We just covered copyright issues in class and are now moving into corporate speech, so the first panel discussion I sat through, ‘Copyright, Trademark and the Internet,’ was a nice review and also brought up some public relations challenges I haven’t had to face just yet.

  • Copyright: Rights and Exemptions- Although the copyright owner has the right to distribute, perform publicly and create derivative works from the copyrighted material, other parties are only allowed limited access as an exemption under the Fair Use policy. This allows for the reproduction of copyright materials for the purpose of comment, criticism or parody. Our presenter, Jeffrey Samuels, a professor at the University of Akron School of Law, also mentioned that factual work receives less protection under Fair Use than fiction, and that the reason behind the use is also a factor. (i.e. Using that copyright for commercial purposes receives little protection under Fair Use.)

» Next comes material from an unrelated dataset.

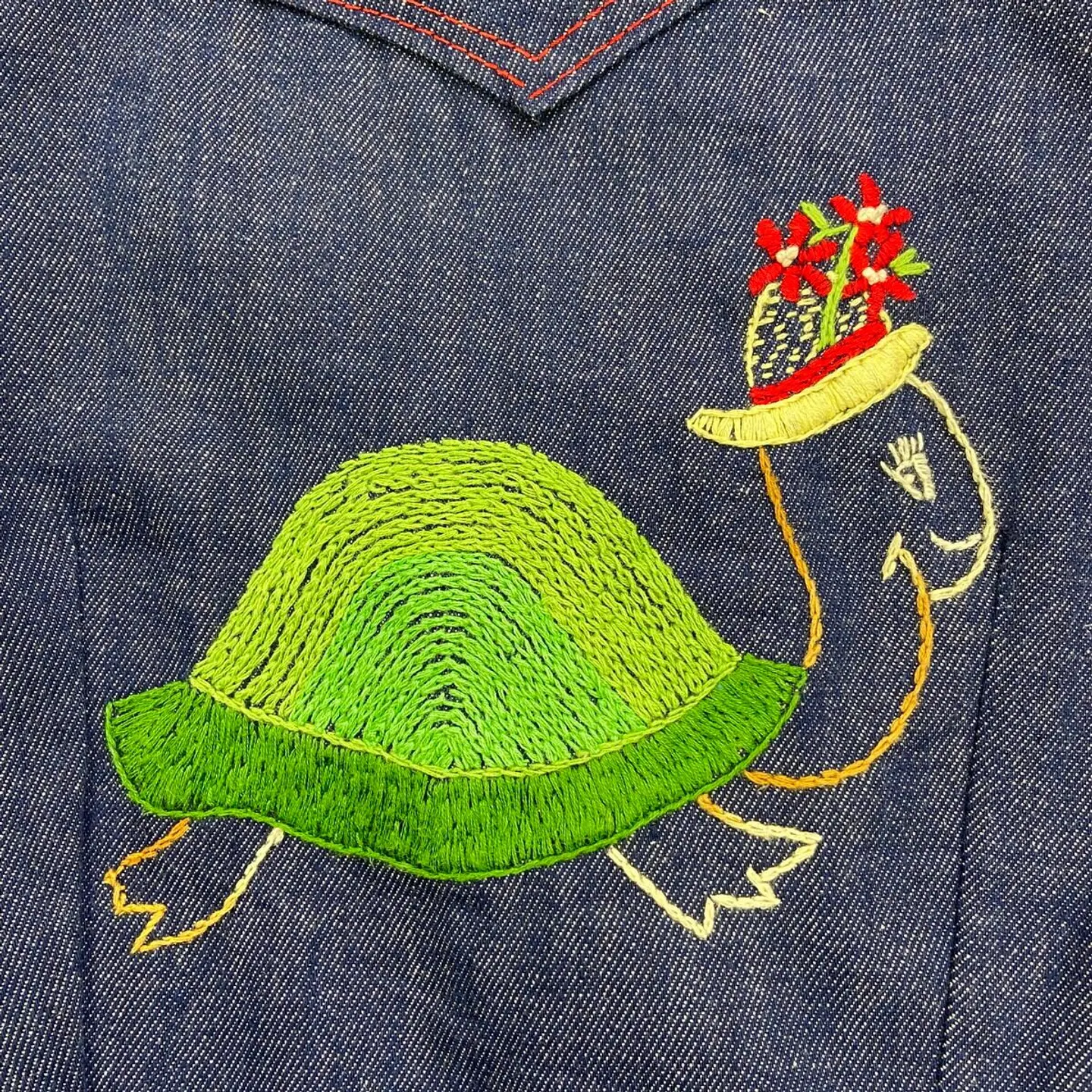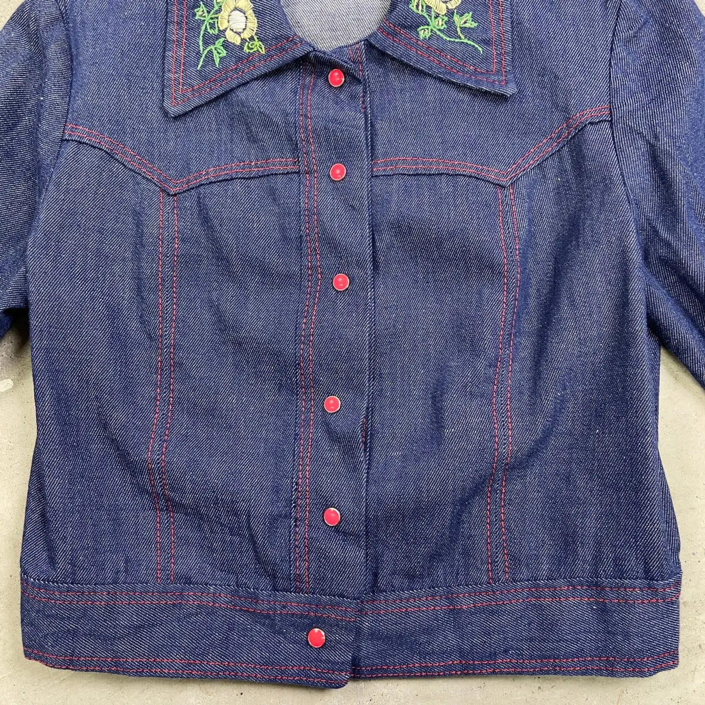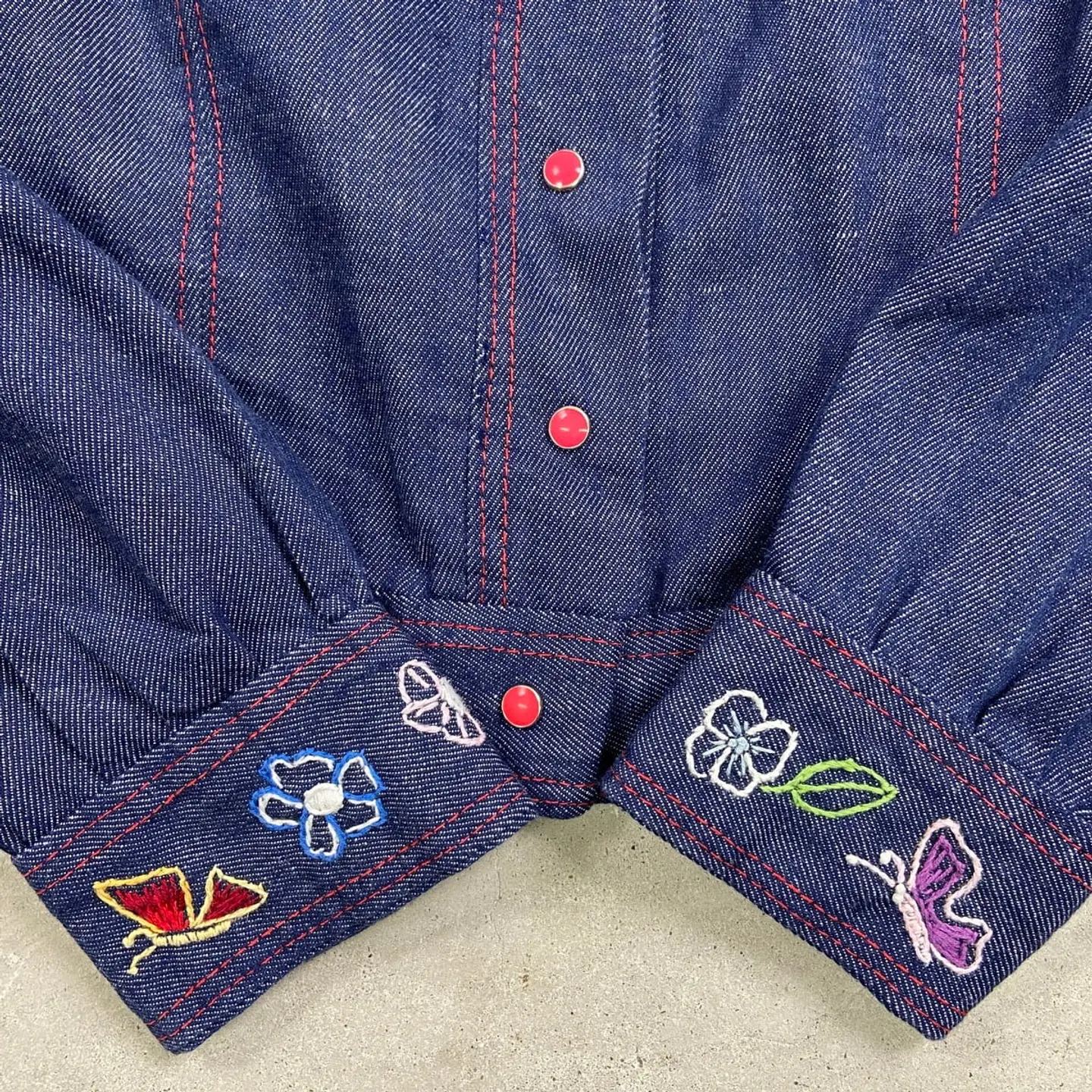 ■70年代 Charlene Lindsey 花柄刺繍 デニムジャケット レディースXS相当 古着 70s VINTAGE ヴィンテージ アメカジ スナップボタン フラワー カメ 青色【デニムジャケット】/ブルー 【ブランド】Charlene Lindsey 【サイズ】表記不明 (実寸レディースXS相当) ※計測値をご確認ください。 着丈…47 身幅…50.5 肩幅...48 袖丈…40.5 【生産国】不明 【素材】不明(おそらくコットンかと思われます) 【状態】全体的に使用感はありますが、目立ったダメージや汚れはございません。 画像にてご確認ください。 【c260207108】 ※古着は洗濯、検品などのケアを行っております。(新品・デッドストックは洗濯していません。)

Why does this matter? Well, I found out that blogging is actually a perfect example of a public relations forum specifically asking for trouble with copyright issues. Using large amounts of copyright material, or even small thumbnail images that are not yours can be a copyright infringement, and I didn’t realize that attribution is only a defense to plagiarism, not copyright.

Blogging follows the guidelines of transparent information flow with linking and attributing at the heart of it all, but service providers like WordPress have to address copyright issues all the time. The Digital Millennium Copyright Act limits service providers from some copyright infringement suits because they are simply providing a forum, not the actual infringing activity, but it is still their responsibility to remove said content if asked or they could face real trouble.

With the move to open, two-way communication methods being employed by corporations everywhere, I see public relations professionals getting the job of monitoring those discussions. I don’t pretend to know all the details, and if I were put in that position I would definitely be visiting my corporation’s legal department to learn more about what kind of potential troubles could ensue.

I’m all about blogging for business as long as I know all the legal repercussions of that tactic. It would be a bad PR strategy to just play it safe and not allow for any discussion, but I wouldn’t suggest inviting a crisis either.